Haskell is one of my favorite programming languages, and one of the reasons I like it so much is how nicely it supports modeling string-like data with newtypes when doing web programming. Much of web development involves dealing with strings (idk why exactly but I imagine mostly because JavaScript and the fact that most web communication protocols use strings as primitives), but not all strings are created equal! Strings can be emails, or addresses, or routing numbers, or can be a range of possible enums, and just using type String to capture all of the variance is a poor data model: it doesn’t have the granularity needed to distinguish between different use cases.

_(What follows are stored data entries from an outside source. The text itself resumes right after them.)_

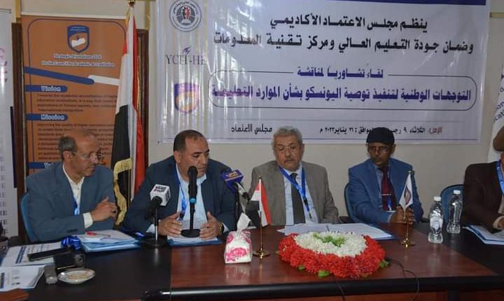 فيما استعرض رئيس مجلس الاعتماد الأكاديمي الدكتور أحمد الهبوب ، وأمين عام المجلس الدكتور محمد ضيف الله، مهام وأهداف توصية اليونيسكو 2019 بشأن الموارد التعليمية المفتوحة، ومتطلبات التنفيذ، وأهدافها ومميزاتها والتوجهات الوطنية لتنفيذ التوصية والحصول على مصادر تعليمية خاصة باليمن وفقاً لتراخيص ملكية فكرية محددة.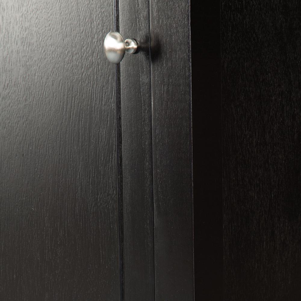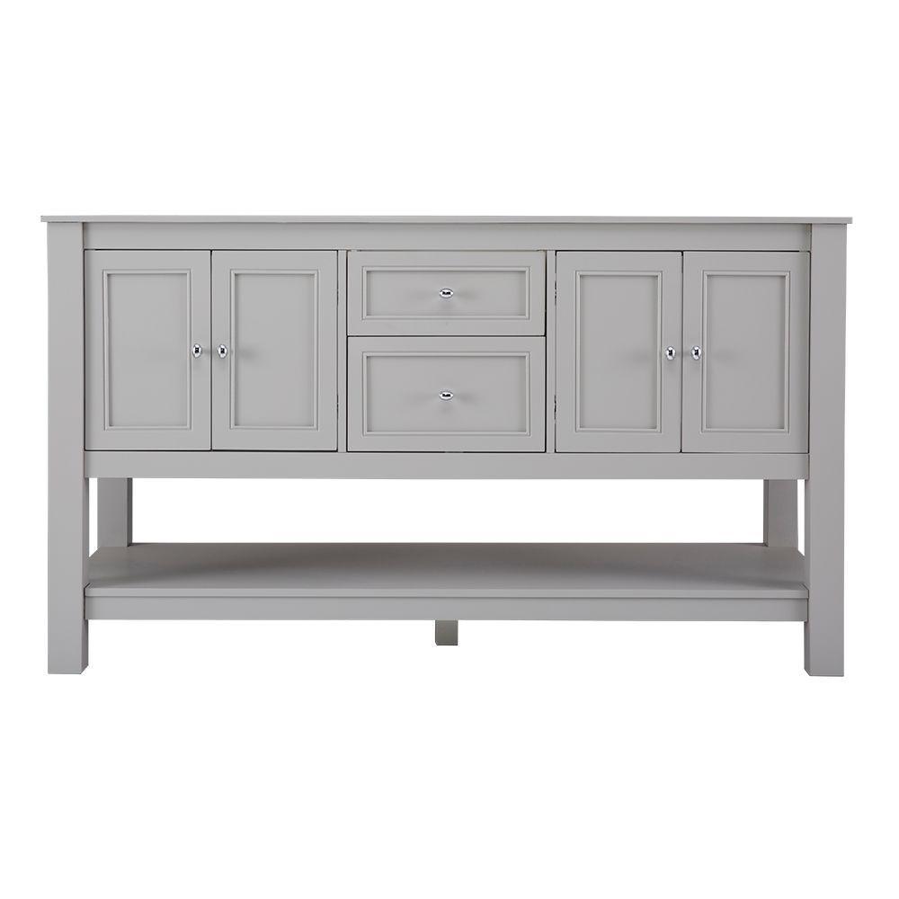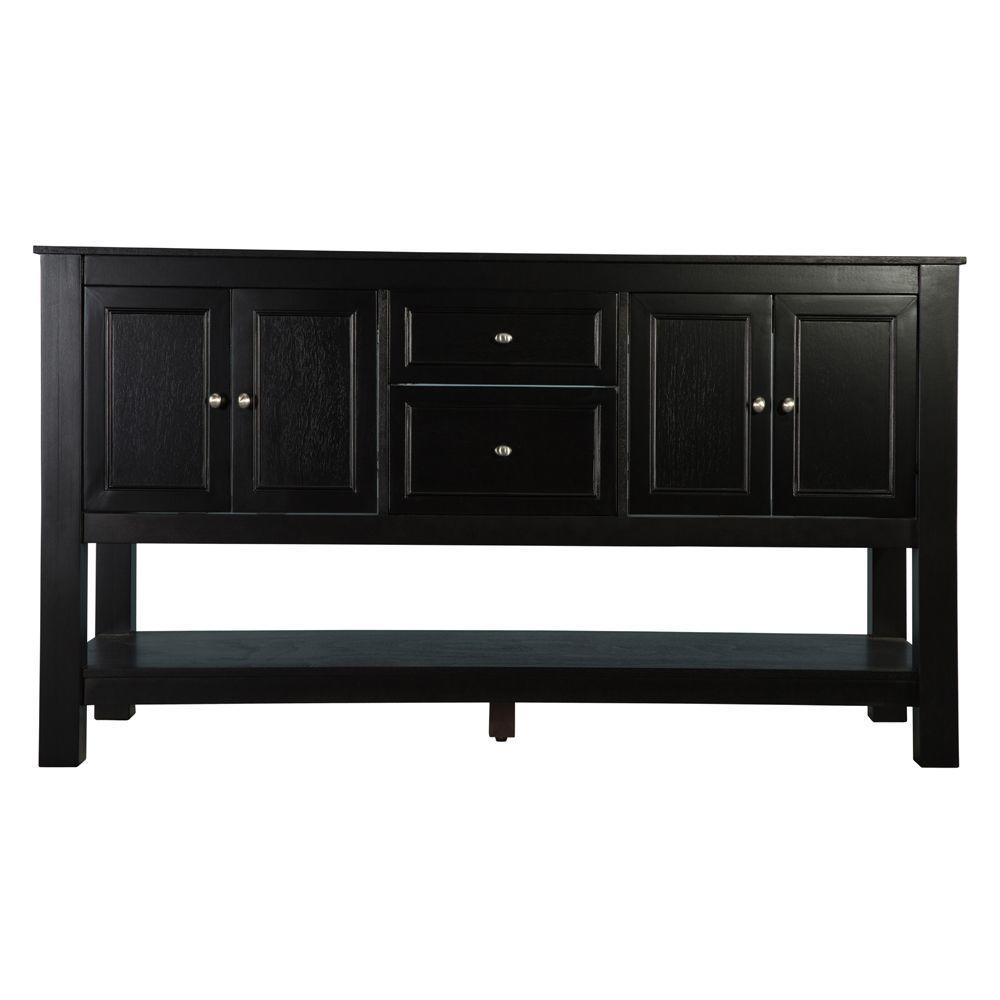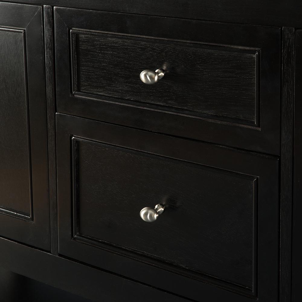 This espresso 60 in. vanity cabinet will give your bathroom a modern, upscale look and a warm feel. Solidly built with sturdy components, this piece has adjustable leg levelers that ensure stability should you have uneven flooring. Two middle drawers and two sets of soft-closing inset double doors give way to ample storage for toiletries and essentials, while an open lower shelf offers both a spacious feel and room to stash bath supplies or linens. Its sleek design, dark finish and brushed nickel hardware give this console-style vanity a touch of elegance that homeowners and guests will find welcoming. Enjoy the distinctiveness normally reserved for custom cabinetry at an affordable price with the Foremost Gazette collection.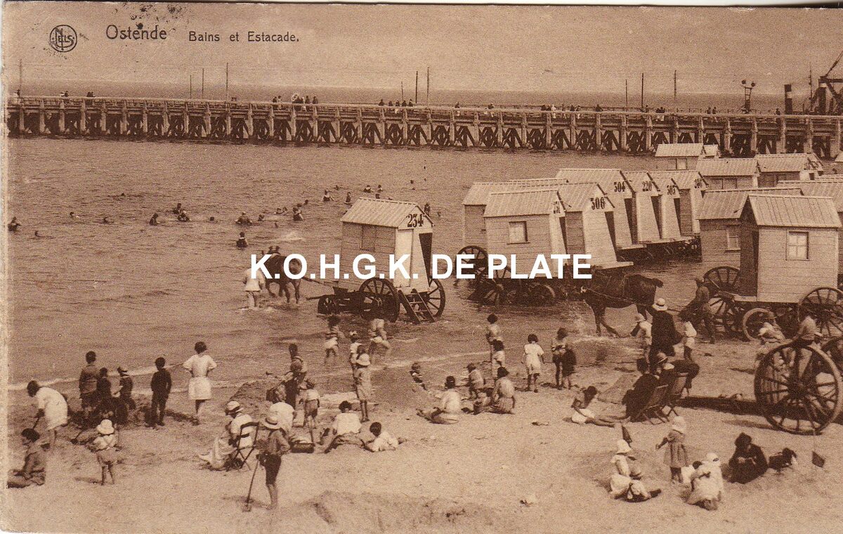 Nels. Ostende - Bains et Estacade. - Strandrecreatie op het Klein Strand. De traditionele badkarren in gebruik tot eind de dertiger jaren. Op de achtergrond, het Weststaketsel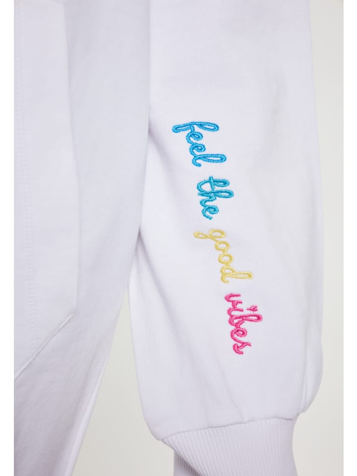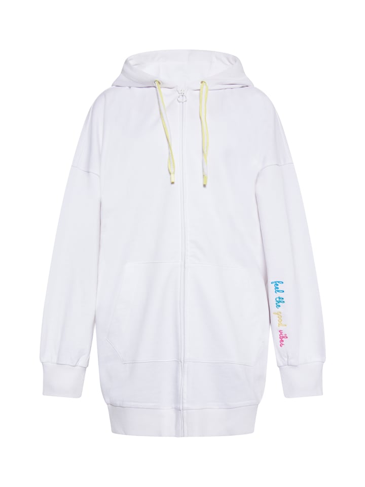 Приготовьтесь к пополнению вашего гардероба - универсальной и стильной куртке с капюшоном. Эта модель на молнии имеет прикрепленный капюшон с регулируемыми шнурками для дополнительного комфорта. Длинные рукава на резинке на запястьях обеспечивают удобную посадку. Центральный разрезной карман-кенгуру добавляет функциональности, а резинка на подоле обеспечивает идеальную посадку. Эта куртка с капюшоном, украшенная вышитой надписью «Почувствуй хорошее настроение», создает непринужденный и непринужденный образ. Изготовленная из мягкой высококачественной ткани, она идеально подходит для любого случая. Эта модель, разработанная совместно с ebeeza, сочетает в себе классический стиль и современный дизайн.

This is where using newtypes can help. Using newtypes (and their associated smart constructors) to model string-like data is a nice approach for adding granularity to strings to help differentiate string-like types from each other. Furthermore, the enhanced data modeling provided by newtypes can be extended (via aeson) all the way to JSON parsing, which makes it possible to write a JSON API client in Haskell that provides a type-safe parsing experience with ergonomic errors and a high degree of confidence with respect to data validation. It’s even easy to write tests! To explain more about what I mean, let’s dive into an example of some data modeling I’m doing for an upcoming project that takes advantage of newtypes smart constructors, and custom JSON parsing with aeson.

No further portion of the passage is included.